Waitingfordoggo · 27/03/2026 11:40

I just think it’s people being thoughtful- it never occurred to me that it might mean ‘stop crying’.

Dartania · 27/03/2026 11:42

I think having a box of tissues on a desk, is a nice touch for certain scenarios where they might be needed.

Someone waving a single tissue in your face, not so much.

Surfindreams · 27/03/2026 11:45

If I was crying and someone gives me a tissue, I would feel overwhelmed (in a good way) and end up crying some more... but I'd appreciate the tissue for the tears and mucus!

AmethystDeceiver · 27/03/2026 11:51

user88766554 · 27/03/2026 11:35

The question was “how do you see it”. For many, many people, when they see someone cry, they want to make it “better” or to make the other person happy. Ime offering a tissue is more about the person offering it, than the person receiving. I am an adult. I can ask for a tissue if I need one.

You're right, that was the question. And you're also right in that - when we see someone crying, we often want to help them.

This is no bad thing

Scripturient · 27/03/2026 11:53

I think it depends entirely on the context. I've had a lot of therapy, and done a lot of snotty crying during sessions, and have never had a therapist offer me a tissue, though they're always available nearby, if I need them.

I've been offered a tissue by a friend who always carries them as a hangover from the days when both our children were snotty or tantrummy toddlers -- from her it's an act of love and support, saying 'Here, blow your nose if you like while we talk about this further.'

However, I still remember more than thirty years later a terrifying Grande Dame academic at my Oxford college whose way of handing the box of tissues across her desk could not have said more clearly 'For Chrissakes pull yourself together, gel, and stop being so wet!'

Satarn · 27/03/2026 12:01

People will find offence in anything nowdays.

HisNotHes · 27/03/2026 12:01

I definitely see it as a kind and sympathetic gesture.
I guess the body language and tone of voice would tell you a lot though.

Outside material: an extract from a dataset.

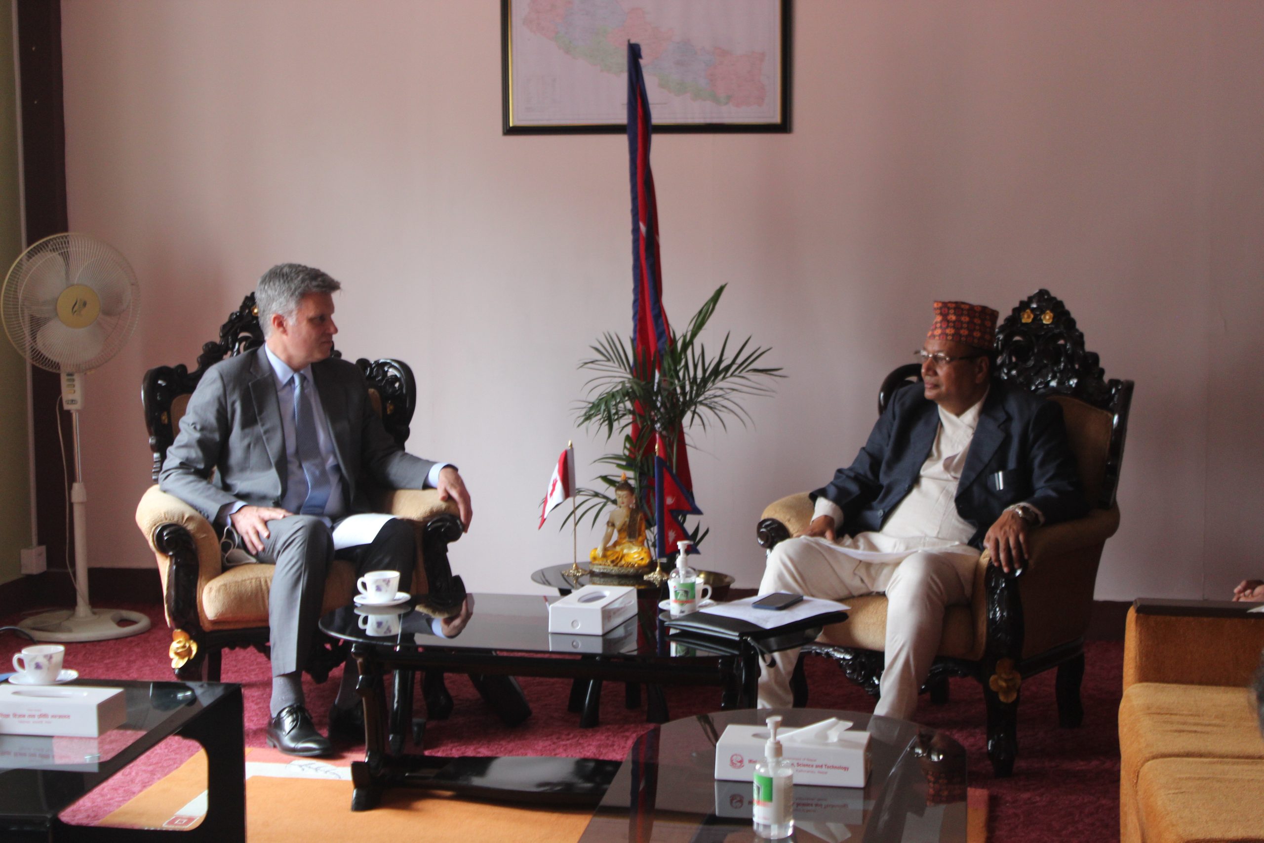 काठमाडौं । शिक्षा, विज्ञान तथा प्रविधिमन्त्री देवेन्द्र पौडेल र क्यानडाका गैरआवशीय राजदूत क्यामेरन डिन मकाईसँग शिष्टचार भेटवार्ता भएको छ ।

Aggressively shoved at you with a cold “have a tissue” comes across v differently to a warm and softly spoken “would you like a like a tissue?”.

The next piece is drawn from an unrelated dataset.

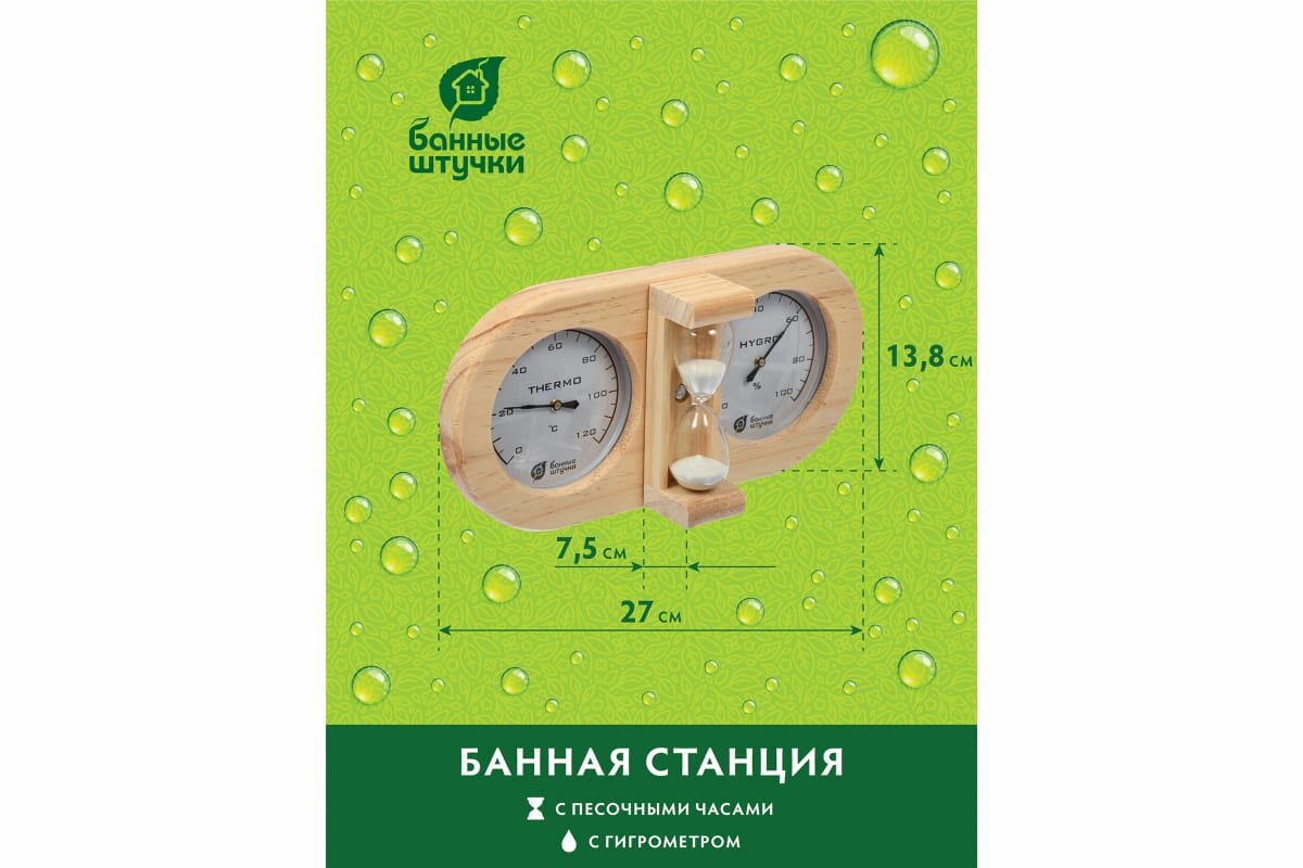 Термометр-гигрометр для бани и сауны банные штучки Банная станция с песочными часами (18028) интересное:

BillieWiper · 27/03/2026 12:04

I don't really see people crying very often. If ever.

I cry quite a lot but usually try and do it alone. I have never been offered a tissue before I don't think. But I guess if I wasn't in public so could get one myself?

Or if I cry in public people usually looked scared of sometimes ask if I'm ok. A tissue wouldn't offend me I don't think.